The cloth base material 2 is made of highly stretchable cloth or fabric such as flat rubber or tuck knitted fabric. When wrapped around the measurement site, the cloth base material 2 tightens the subject with such force that the position of the electrode 3 does not shift, thereby fixing the position of the electrode 3. Fasteners 4a and 4b are provided at the edges of the cloth base material 2 in order to wrap it around the upper arm and fix it. In this embodiment, it is assumed that the fabric base material 2 is used by being wrapped around the upper arm, so the side corresponding to the circumferential direction when made into a cylinder (the side on which the fasteners 4a and 4b are not provided) is 180 mm, The side corresponding to the axial direction (the side on which the fasteners 4a and 4b are provided) has a size of about 100 mm. In this embodiment, the cloth base material 2 extends from 180 mm to 200 mm or 230 mm in the circumferential direction.

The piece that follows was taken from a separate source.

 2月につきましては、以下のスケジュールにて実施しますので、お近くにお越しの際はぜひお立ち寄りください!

The fasteners 4a and 4b are used to wrap the myoelectric device 1 around the upper arm and fix it in a cylindrical shape. In this embodiment, a fastener (wire fastener) is used, but it may be fixed using a hook-and-loop fastener, a button, or the like, or the cloth base material 2 may be formed into a cylindrical shape.

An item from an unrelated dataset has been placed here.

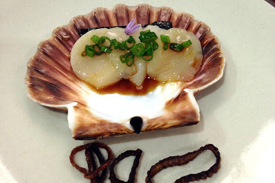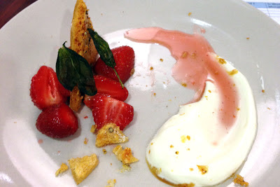 The scallops were so fresh, and hand dived in the Isle of Mull, the hake was also beautifully fresh. The full menu was Scallop sashimi with ponzu dressing, Panko crusted hake with pepper and squid ink, Macerated strawberries with black pepper honeycomb and creme fraiche. Delicious and quite challenging!

The electrode 3 is provided on the inner surface of the cloth base material 2 so that its surface is exposed. The electrodes 3 are arranged in five rows per row, and a total of 20 electrodes are arranged in five rows. As will be described later, the myoelectric device 1 according to the present embodiment outputs the potential difference between adjacent electrodes in each column as a myoelectric signal, so outputs of 4 channels per column and 20 channels in total can be obtained. The electrode 3 may be made of metal, conductive fibers woven into the cloth base material 2, or conductive ink coated (printed) on the cloth base material 2.

The electrode 3 and the stretchable circuit board 6 are electrically connected through the opening 5 provided in the cloth base material 2 by a communication line.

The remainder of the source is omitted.